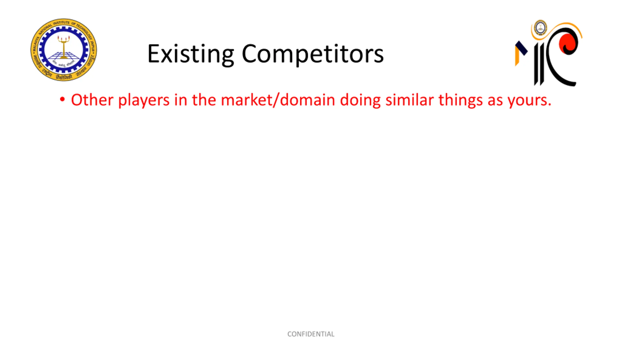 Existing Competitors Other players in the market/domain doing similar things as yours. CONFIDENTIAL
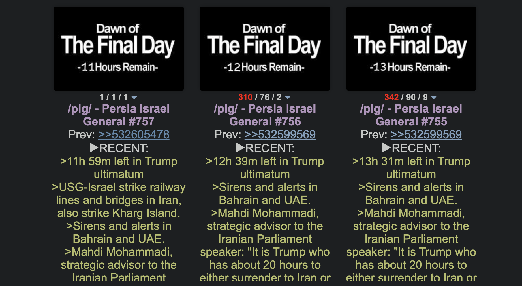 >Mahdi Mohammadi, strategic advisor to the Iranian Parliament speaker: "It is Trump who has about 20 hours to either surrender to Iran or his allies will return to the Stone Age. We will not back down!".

-------------------------

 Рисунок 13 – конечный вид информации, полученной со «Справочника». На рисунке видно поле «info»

-------------------------

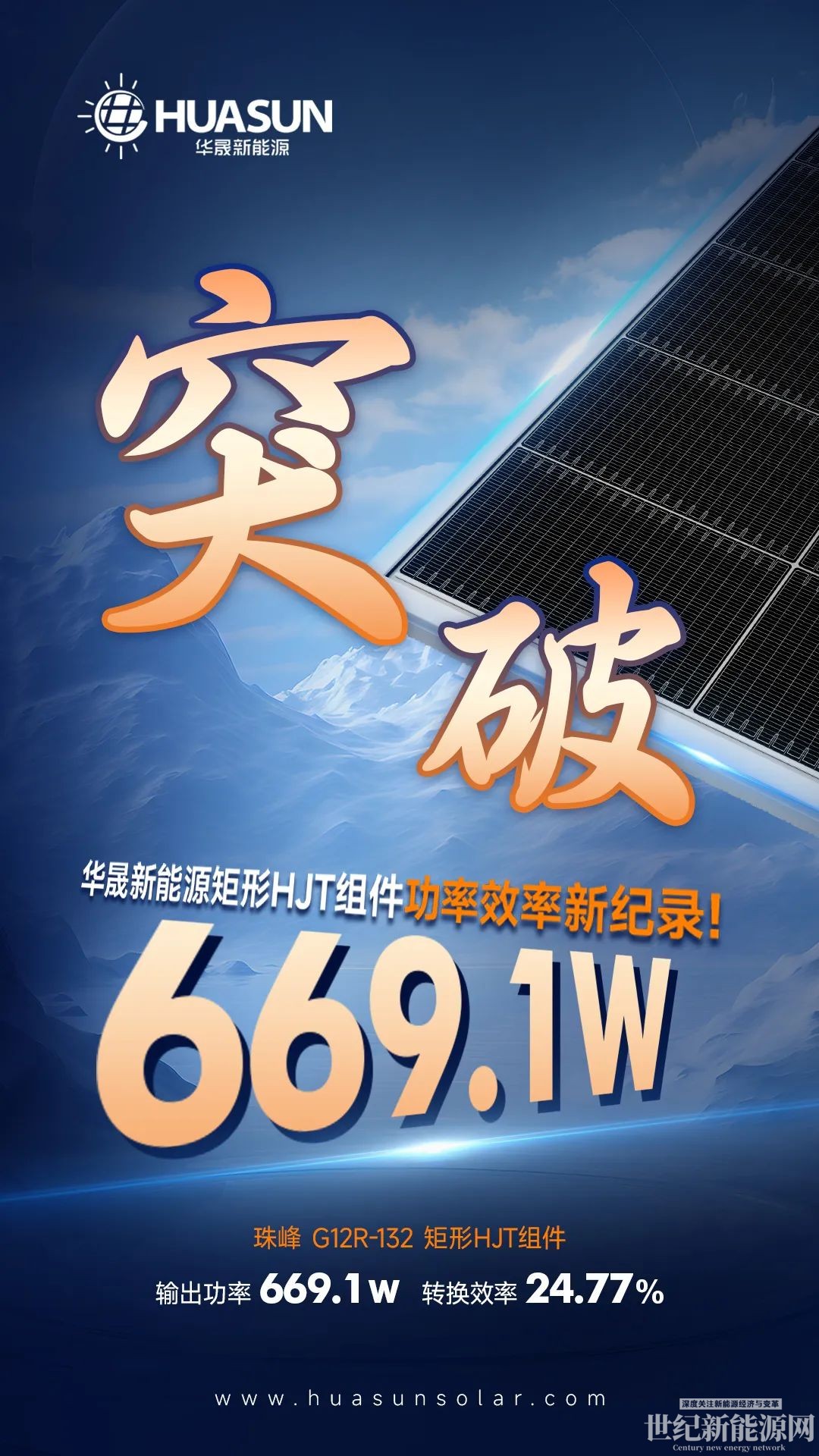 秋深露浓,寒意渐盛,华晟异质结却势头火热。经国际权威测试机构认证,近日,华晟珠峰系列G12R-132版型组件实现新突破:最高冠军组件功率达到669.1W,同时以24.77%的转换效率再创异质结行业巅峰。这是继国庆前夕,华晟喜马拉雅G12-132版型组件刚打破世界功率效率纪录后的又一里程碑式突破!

-------------------------

• What you should do: Taking the entries above, copy word for word the lines from the one with "Existing Competitors Other" up to and including the one with "Mohammadi, strategic advisor", without any picture.

• Answer below:
 Existing Competitors Other players in the market/domain doing similar things as yours. CONFIDENTIAL
 >Mahdi Mohammadi, strategic advisor to the Iranian Parliament speaker: "It is Trump who has about 20 hours to either surrender to Iran or his allies will return to the Stone Age. We will not back down!".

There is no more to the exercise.